We'd love to hear your opinion on this post


7 Responses to “Explore the graph with Mule and Neo4j”

  1. […] Read the full Article […]

  2. When i try to run this example,I am getting the following stacktrace:
    Root Exception stack trace:
    org.mule.api.DefaultMuleException: Received status code: 400 but was expecting: [200]
    at org.mule.modules.neo4j.Neo4jConnector.sendHttpRequest(Neo4jConnector.java:595)
    at org.mule.modules.neo4j.Neo4jConnector.sendRequestWithEntity(Neo4jConnector.java:529)
    at org.mule.modules.neo4j.Neo4jConnector.postEntity(Neo4jConnector.java:463)
    Anything i am missing here.

  3. What happens when you run the cypher query directly in the web console? Use 42.353412 and -71.044624 for the lat and lon parameters.

  4. Also be aware in the above text, WordPress replaces & with & in the test URL. This is obviously wrong. The valid test URL is: http://localhost:8081/hubway/hotspots?lat=42.353412&lon=-71.044624

  5. I tried running the cypher query and got the following stacktrace..

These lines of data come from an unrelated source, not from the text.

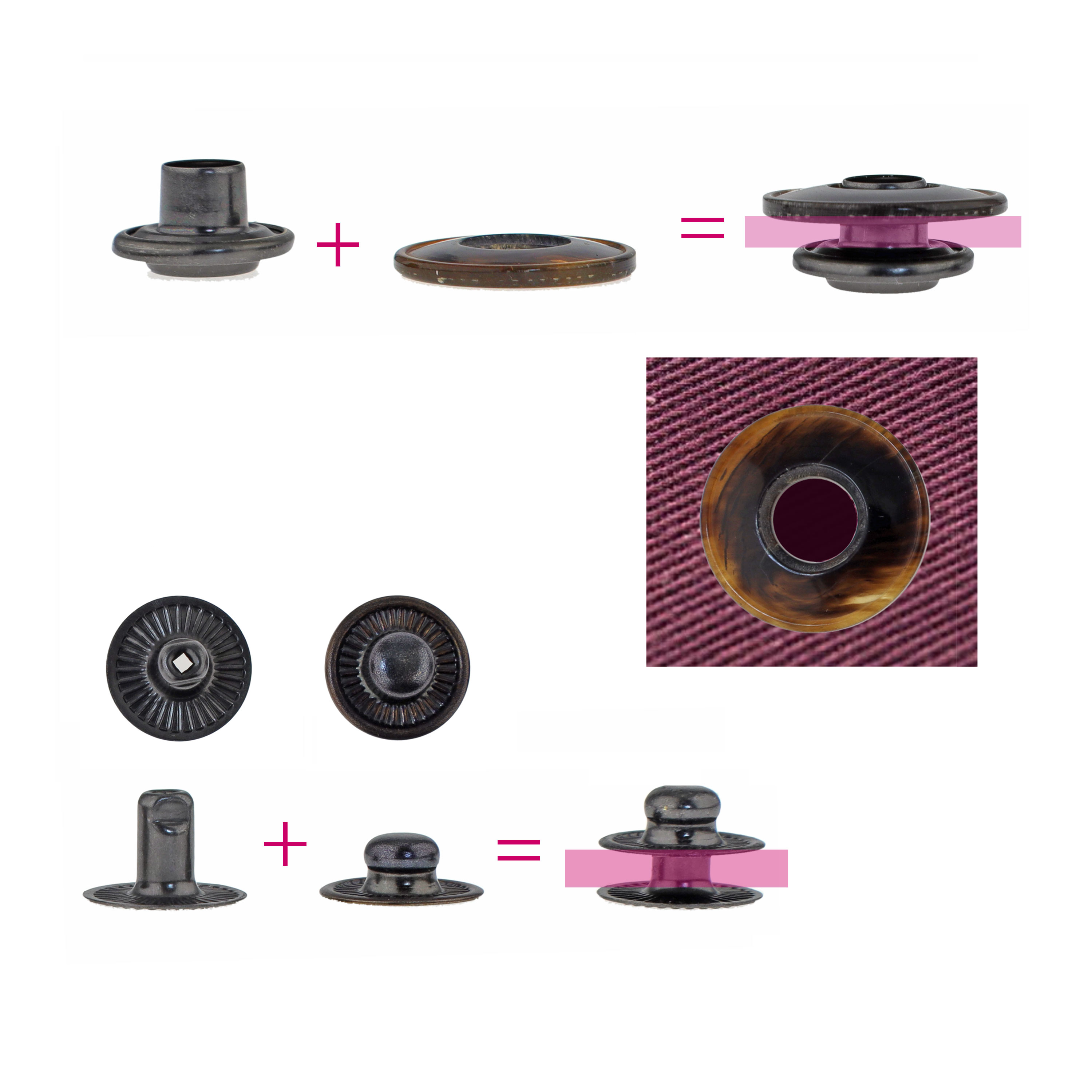 Kaunis iso rengasneppari. Oikealle puolelle jää ruskea sarvesta valmistettu rengas ja toiselle helmalle mustahattuinen ø12mm neppari. Pakkauksessa 4 nepparisarjaa.
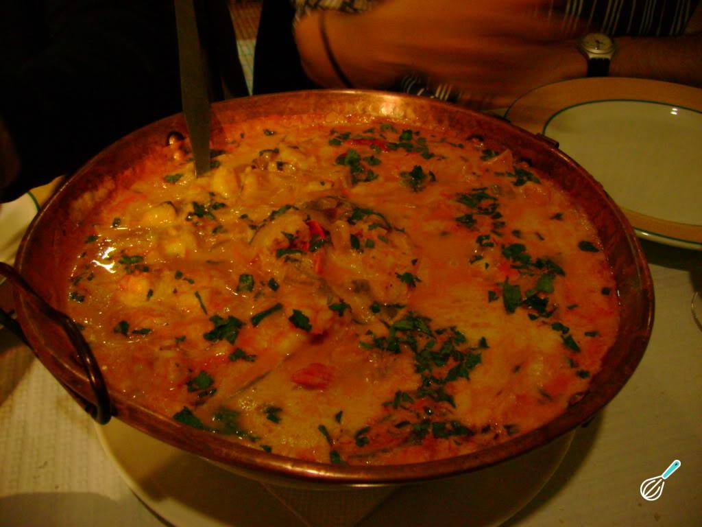 Tempere com sal e pimenta-do-reino e junte o extrato de tomate, o polvo, os vôngoles e a batata doce. Cozinhe por mais 15 minutos e, no final, acrescente os coentros. Se necessário, corrija o tempero.
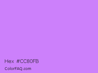 Hex #cc80fb Color is a light purple color and the nearest color is Heliotrope #df73ff. Hex code #cc80fb and RGB value is rgb(204,128,251). In RGB color space, this color is composed of 80% red, 50% green, 98% blue, In CMYK color space, this color is composed of 19% cyan, 49% magenta, 0% yellow , 2% black , In HSL color space, this color has a hue angle of 277° , 94% saturation and 74% lightness.
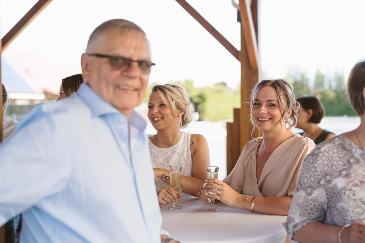 Le vin d’honneur se déroule dans une ambiance conviviale, porté par une lumière douce de fin de journée.
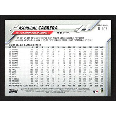 This is a 2020 Topps Update Target Red Asdrubal Cabrera baseball card. The card is #U-202 and pictures show condition.
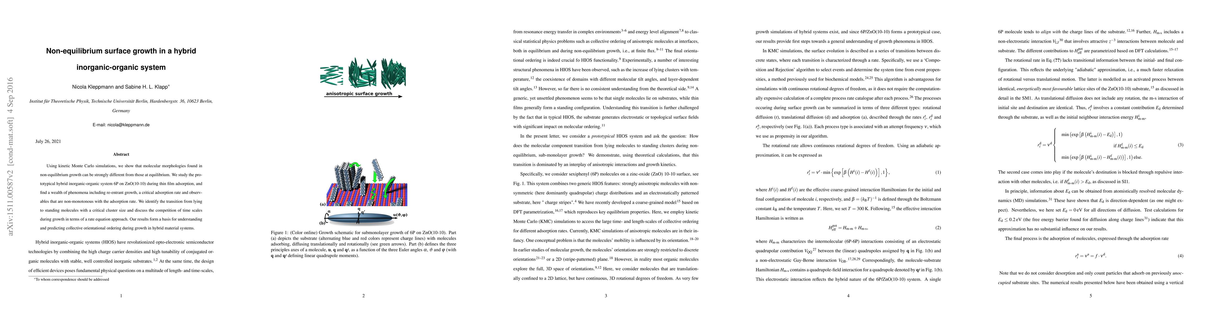 This study uses kinetic Monte Carlo simulations to explore non-equilibrium growth in a hybrid inorganic-organic system, revealing diverse molecular morphologies and phenomena such as re-entrant growth and critical adsorption rates. The findings provide insights into the transition dynamics and collective orientational ordering in such systems.
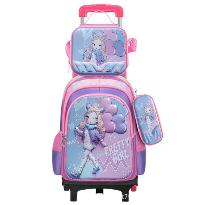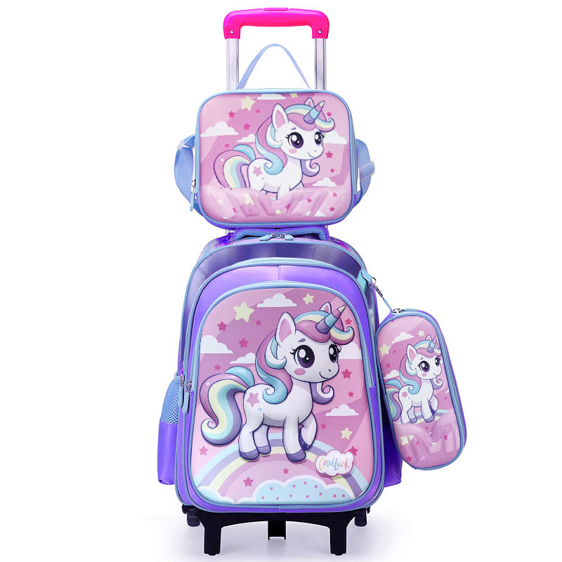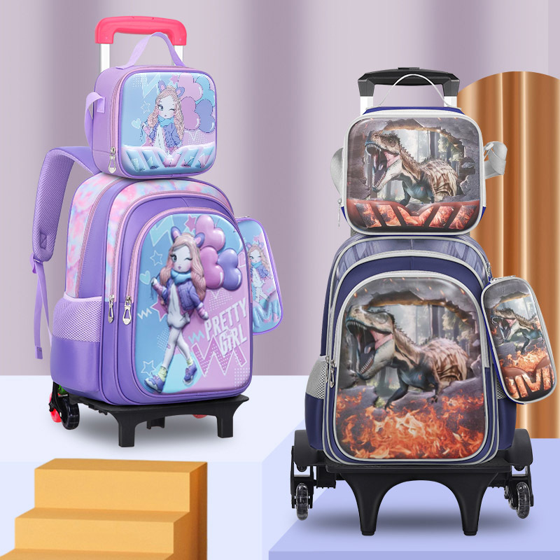 新款小学生可装拉杆书包午餐包笔袋三件套儿童可爱卡通双肩包

    No index provider ‘spatial’ found. Maybe the intended provider (or one more of its dependencies) aren’t on the classpath or it failed to load.

    StackTrace:
    org.neo4j.kernel.IndexManagerImpl.getIndexProvider(IndexManagerImpl.java:90)
    org.neo4j.kernel.IndexManagerImpl.getOrCreateNodeIndex(IndexManagerImpl.java:314)
    org.neo4j.kernel.IndexManagerImpl.forNodes(IndexManagerImpl.java:300)
    org.neo4j.kernel.IndexManagerImpl.forNodes(IndexManagerImpl.java:294)
    org.neo4j.cypher.internal.spi.gdsimpl.GDSBackedQueryContext$$anon$1.indexQuery(GDSBackedQueryContext.scala:87)
    org.neo4j.cypher.internal.executionplan.builders.IndexQueryBuilder$$anonfun$getNodeGetter$2.apply(IndexQueryBuilder.scala:83)
    org.neo4j.cypher.internal.executionplan.builders.IndexQueryBuilder$$anonfun$getNodeGetter$2.apply(IndexQueryBuilder.scala:81)
    org.neo4j.cypher.internal.pipes.matching.MonoDirectionalTraversalMatcher.findMatchingPaths(MonodirectionalT

  6. Got your example working by installing the neo4j-spatial plugin

  7. Good catch: the prerequisites section was missing from the blog post. Thank you.